You can also use a static route to override any dynamic routes that are discovered for this host or network by specifying a static route with a lower metric than the discovered dynamic routes. To create a static route for a host or network, you must define the IP address and metric for the hop gateway to which the firewall will forward packets destined to the selected host or network. You can also define multiple static routes for a host or network.
Step 1 Select Configuration > Device Settings > Routing > Static Route.
The Static Route page appears.
Step 2 Do one of the following:
Step 3 In the Interface Name list, select the interface that is expected to receive the traffic that you want to route. The wizard displays a list of all interfaces defined at the current scope.
Step 4 Enter the address of the network or host to which you are routing in the Destination IP Address field.
Because routes to all directly connected networks are derived automatically, this value identifies an address of a network that is not directly connected to one of the firewall device's network interfaces.
Use 0.0.0.0 to specify a default route.

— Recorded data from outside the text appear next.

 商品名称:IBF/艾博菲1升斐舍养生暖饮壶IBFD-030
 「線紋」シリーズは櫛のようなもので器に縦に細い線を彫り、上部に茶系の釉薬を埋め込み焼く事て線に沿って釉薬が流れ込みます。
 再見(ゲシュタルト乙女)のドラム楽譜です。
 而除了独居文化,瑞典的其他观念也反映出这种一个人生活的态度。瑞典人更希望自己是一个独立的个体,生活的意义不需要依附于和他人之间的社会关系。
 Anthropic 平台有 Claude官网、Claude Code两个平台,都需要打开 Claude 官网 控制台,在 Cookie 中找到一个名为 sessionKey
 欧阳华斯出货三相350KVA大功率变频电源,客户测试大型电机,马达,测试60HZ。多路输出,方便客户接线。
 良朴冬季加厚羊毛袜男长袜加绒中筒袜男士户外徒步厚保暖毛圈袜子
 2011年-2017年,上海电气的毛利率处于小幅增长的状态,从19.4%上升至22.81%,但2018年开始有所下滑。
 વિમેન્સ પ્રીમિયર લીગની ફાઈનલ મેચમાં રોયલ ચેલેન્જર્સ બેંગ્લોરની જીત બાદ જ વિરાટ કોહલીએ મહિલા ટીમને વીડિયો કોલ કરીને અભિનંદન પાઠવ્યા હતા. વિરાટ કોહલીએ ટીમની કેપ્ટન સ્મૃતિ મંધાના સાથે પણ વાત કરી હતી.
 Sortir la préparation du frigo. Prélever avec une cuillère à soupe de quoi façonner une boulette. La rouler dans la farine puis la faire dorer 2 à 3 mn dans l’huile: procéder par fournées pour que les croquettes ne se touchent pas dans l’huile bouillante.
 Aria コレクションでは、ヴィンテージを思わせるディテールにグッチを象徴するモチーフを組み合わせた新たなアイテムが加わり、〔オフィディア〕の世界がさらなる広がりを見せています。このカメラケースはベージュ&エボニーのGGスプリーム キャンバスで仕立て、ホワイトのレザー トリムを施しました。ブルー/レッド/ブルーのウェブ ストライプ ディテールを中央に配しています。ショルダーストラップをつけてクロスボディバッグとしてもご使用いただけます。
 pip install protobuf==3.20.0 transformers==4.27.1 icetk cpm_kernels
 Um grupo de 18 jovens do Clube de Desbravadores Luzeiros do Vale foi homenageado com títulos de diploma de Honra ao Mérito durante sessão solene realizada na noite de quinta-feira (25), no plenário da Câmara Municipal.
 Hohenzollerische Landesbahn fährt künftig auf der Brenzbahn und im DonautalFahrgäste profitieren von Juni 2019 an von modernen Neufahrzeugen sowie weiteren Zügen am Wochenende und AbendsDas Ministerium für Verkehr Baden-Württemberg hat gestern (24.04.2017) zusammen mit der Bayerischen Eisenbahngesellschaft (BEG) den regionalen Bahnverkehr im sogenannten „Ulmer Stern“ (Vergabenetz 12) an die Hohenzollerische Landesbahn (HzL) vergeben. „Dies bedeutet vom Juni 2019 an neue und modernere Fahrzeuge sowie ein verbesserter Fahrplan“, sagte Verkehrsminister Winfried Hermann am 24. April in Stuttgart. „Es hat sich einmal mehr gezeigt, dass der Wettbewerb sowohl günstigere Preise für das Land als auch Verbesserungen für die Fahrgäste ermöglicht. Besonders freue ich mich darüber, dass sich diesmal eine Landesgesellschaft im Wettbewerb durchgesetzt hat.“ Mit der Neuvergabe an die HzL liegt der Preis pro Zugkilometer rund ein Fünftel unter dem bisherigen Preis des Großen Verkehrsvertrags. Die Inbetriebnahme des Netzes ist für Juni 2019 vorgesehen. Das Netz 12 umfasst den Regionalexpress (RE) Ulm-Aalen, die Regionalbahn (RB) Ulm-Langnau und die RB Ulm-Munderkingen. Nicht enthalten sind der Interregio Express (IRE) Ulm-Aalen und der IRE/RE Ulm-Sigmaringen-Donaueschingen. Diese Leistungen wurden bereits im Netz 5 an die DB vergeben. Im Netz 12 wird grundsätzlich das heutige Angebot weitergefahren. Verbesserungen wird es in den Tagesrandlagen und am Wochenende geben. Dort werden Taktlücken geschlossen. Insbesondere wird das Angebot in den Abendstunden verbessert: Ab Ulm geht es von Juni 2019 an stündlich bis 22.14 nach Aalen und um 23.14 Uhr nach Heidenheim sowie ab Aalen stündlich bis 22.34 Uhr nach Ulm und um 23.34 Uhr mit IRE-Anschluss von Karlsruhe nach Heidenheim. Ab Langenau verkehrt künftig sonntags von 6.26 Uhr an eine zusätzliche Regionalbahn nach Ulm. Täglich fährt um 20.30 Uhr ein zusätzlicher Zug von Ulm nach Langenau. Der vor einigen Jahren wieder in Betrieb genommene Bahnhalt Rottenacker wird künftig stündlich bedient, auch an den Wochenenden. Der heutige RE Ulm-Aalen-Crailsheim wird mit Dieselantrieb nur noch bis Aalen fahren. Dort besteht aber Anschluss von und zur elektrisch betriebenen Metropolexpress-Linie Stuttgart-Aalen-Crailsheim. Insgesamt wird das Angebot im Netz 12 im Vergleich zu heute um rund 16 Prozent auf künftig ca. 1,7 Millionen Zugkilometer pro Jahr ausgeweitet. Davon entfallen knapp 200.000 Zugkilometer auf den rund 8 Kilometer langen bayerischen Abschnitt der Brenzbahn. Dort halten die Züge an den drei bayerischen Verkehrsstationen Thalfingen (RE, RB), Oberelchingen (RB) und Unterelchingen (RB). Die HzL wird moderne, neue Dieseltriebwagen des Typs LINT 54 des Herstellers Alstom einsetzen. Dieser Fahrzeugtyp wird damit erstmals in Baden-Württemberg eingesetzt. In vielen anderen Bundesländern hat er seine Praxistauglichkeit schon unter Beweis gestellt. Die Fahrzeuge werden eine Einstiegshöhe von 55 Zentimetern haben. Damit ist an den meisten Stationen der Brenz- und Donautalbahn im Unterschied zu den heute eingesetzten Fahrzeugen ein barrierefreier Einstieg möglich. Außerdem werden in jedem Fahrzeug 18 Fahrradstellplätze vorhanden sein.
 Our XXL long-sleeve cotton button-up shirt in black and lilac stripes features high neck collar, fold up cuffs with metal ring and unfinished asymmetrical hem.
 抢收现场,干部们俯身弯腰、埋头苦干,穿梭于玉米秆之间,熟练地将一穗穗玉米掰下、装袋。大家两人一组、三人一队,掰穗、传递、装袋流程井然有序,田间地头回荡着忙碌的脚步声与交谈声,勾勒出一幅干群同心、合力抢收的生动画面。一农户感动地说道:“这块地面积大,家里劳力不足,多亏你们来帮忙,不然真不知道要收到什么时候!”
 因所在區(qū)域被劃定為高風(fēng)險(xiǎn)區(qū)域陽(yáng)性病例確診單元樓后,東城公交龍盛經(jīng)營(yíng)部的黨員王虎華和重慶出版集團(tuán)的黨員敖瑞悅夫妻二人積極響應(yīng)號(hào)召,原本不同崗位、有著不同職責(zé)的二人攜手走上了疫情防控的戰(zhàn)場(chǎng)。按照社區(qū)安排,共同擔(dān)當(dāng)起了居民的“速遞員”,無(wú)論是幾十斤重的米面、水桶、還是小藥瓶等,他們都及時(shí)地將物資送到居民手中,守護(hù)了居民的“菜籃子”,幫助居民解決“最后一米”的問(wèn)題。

The default route is used when a packet is destined for a network that is unknown to the firewall device receiving that packet. In this case, all traffic is forwarded to the gateway IP address that is specified in Step 6.
Step 5 To specify the network mask that corresponds to the object specified in the Destination IP Address field, enter that value in the Destination IP Mask field.
Use 0.0.0.0 to specify a default route mask.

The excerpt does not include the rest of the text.